■ **RECORDS TO PROCESS**:
■ ■ ■ ■ ■

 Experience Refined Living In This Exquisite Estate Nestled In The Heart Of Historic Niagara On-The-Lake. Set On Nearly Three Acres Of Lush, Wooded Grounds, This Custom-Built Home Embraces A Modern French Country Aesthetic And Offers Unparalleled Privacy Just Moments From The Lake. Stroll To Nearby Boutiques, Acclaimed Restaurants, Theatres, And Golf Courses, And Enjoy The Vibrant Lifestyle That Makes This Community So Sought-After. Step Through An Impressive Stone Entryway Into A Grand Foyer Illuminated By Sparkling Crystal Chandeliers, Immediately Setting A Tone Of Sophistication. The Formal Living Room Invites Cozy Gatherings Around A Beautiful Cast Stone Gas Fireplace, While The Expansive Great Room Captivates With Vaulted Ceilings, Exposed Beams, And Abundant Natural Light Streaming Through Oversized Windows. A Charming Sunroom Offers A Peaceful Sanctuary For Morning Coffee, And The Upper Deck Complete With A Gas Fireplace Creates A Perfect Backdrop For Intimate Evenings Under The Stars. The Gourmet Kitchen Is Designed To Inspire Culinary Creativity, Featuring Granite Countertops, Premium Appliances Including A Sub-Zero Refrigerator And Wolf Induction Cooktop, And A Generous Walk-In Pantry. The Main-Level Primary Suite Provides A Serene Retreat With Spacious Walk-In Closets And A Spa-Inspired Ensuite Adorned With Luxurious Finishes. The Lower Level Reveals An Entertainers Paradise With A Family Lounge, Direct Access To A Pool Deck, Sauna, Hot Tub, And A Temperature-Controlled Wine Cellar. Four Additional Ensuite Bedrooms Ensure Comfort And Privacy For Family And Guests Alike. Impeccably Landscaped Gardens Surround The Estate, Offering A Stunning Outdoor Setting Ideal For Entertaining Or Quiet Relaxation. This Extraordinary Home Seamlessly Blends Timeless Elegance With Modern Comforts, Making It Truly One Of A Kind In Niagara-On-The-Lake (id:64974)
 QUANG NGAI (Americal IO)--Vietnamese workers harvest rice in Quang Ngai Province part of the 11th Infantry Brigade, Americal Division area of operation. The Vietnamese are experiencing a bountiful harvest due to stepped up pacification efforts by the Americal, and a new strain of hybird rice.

■ ■ ■ ■ ■

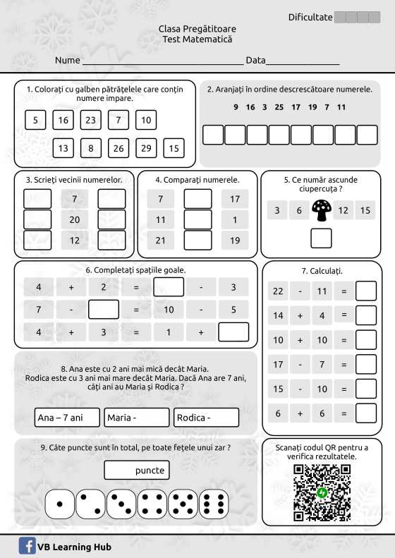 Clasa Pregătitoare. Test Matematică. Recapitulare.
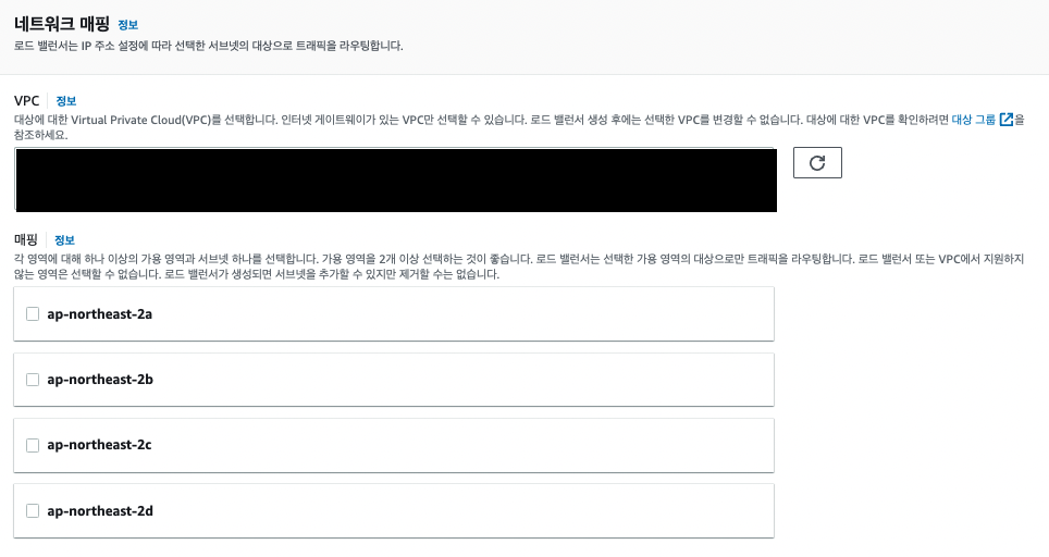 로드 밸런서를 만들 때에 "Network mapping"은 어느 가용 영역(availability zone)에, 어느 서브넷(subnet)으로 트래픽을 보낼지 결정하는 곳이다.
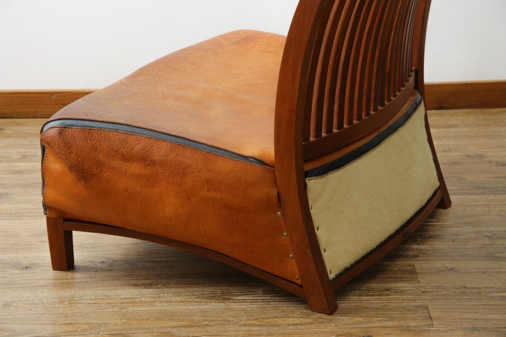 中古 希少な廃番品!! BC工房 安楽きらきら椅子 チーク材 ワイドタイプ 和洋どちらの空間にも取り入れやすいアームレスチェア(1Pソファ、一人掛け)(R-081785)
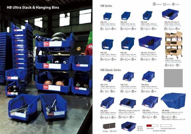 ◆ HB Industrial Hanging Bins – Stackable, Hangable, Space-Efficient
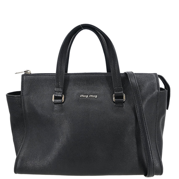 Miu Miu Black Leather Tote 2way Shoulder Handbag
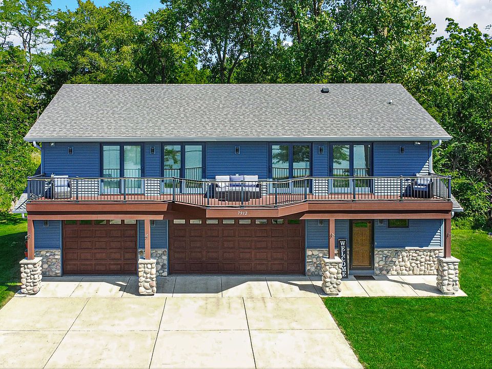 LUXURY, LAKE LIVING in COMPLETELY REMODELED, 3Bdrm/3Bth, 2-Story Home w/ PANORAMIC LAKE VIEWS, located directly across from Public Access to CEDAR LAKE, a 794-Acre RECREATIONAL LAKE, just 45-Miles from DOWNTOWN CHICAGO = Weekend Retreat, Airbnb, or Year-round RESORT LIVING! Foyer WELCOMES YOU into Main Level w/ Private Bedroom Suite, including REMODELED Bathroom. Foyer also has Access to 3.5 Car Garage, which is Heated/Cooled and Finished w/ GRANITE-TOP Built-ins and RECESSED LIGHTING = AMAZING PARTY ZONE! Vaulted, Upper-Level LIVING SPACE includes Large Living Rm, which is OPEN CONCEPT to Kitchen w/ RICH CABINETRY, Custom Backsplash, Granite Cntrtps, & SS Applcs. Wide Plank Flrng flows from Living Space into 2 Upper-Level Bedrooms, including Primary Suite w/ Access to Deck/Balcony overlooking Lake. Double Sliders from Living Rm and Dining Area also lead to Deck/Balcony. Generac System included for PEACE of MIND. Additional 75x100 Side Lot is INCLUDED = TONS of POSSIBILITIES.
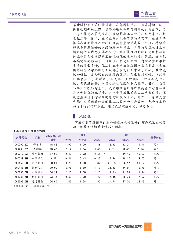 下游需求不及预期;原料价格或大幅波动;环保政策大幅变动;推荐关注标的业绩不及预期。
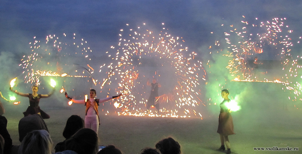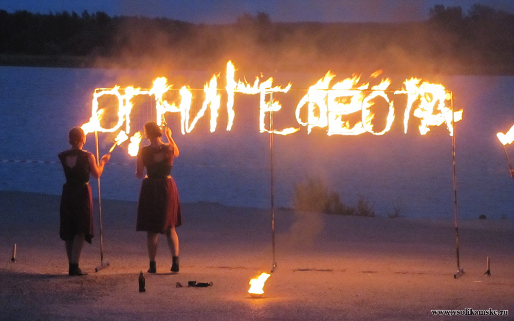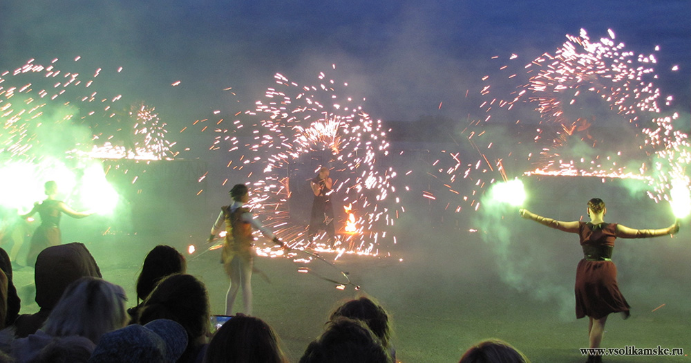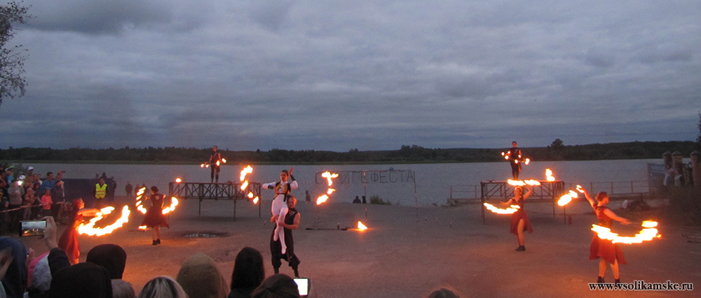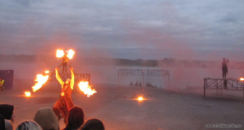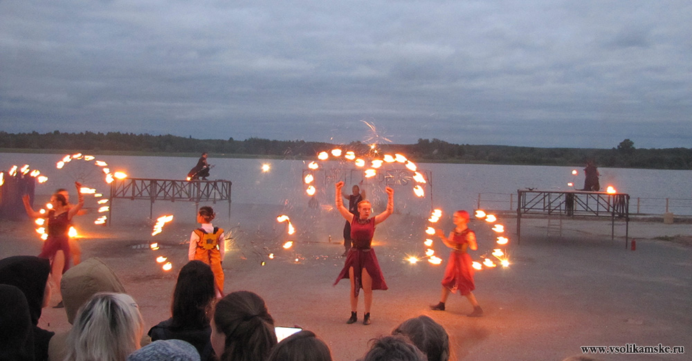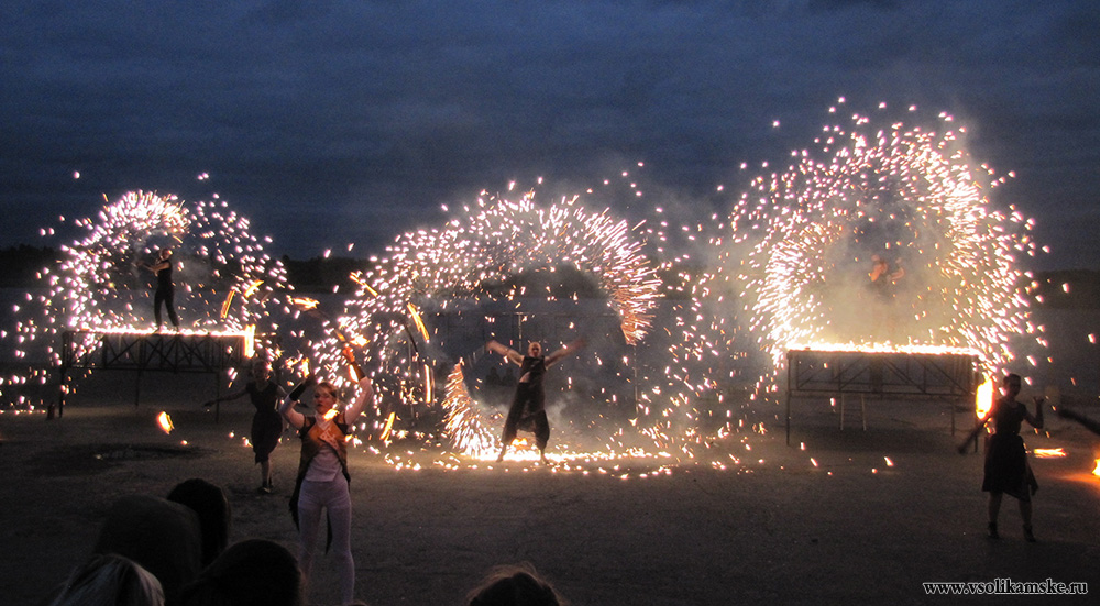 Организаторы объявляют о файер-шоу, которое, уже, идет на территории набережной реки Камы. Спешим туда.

■ ■ ■ ■ ■

■ **GOAL OF THE EXERCISE**: Starting at the line above with "Clasa Pregătitoare. Test", output every line exactly up to and including the line with "Организаторы объявляют о", but none of the pictures.

■ **EXERCISE OUTPUT**:
 Clasa Pregătitoare. Test Matematică. Recapitulare.
 로드 밸런서를 만들 때에 "Network mapping"은 어느 가용 영역(availability zone)에, 어느 서브넷(subnet)으로 트래픽을 보낼지 결정하는 곳이다.
 中古 希少な廃番品!! BC工房 安楽きらきら椅子 チーク材 ワイドタイプ 和洋どちらの空間にも取り入れやすいアームレスチェア(1Pソファ、一人掛け)(R-081785)
 ◆ HB Industrial Hanging Bins – Stackable, Hangable, Space-Efficient
 Miu Miu Black Leather Tote 2way Shoulder Handbag
 LUXURY, LAKE LIVING in COMPLETELY REMODELED, 3Bdrm/3Bth, 2-Story Home w/ PANORAMIC LAKE VIEWS, located directly across from Public Access to CEDAR LAKE, a 794-Acre RECREATIONAL LAKE, just 45-Miles from DOWNTOWN CHICAGO = Weekend Retreat, Airbnb, or Year-round RESORT LIVING! Foyer WELCOMES YOU into Main Level w/ Private Bedroom Suite, including REMODELED Bathroom. Foyer also has Access to 3.5 Car Garage, which is Heated/Cooled and Finished w/ GRANITE-TOP Built-ins and RECESSED LIGHTING = AMAZING PARTY ZONE! Vaulted, Upper-Level LIVING SPACE includes Large Living Rm, which is OPEN CONCEPT to Kitchen w/ RICH CABINETRY, Custom Backsplash, Granite Cntrtps, & SS Applcs. Wide Plank Flrng flows from Living Space into 2 Upper-Level Bedrooms, including Primary Suite w/ Access to Deck/Balcony overlooking Lake. Double Sliders from Living Rm and Dining Area also lead to Deck/Balcony. Generac System included for PEACE of MIND. Additional 75x100 Side Lot is INCLUDED = TONS of POSSIBILITIES.
 下游需求不及预期;原料价格或大幅波动;环保政策大幅变动;推荐关注标的业绩不及预期。
 Организаторы объявляют о файер-шоу, которое, уже, идет на территории набережной реки Камы. Спешим туда.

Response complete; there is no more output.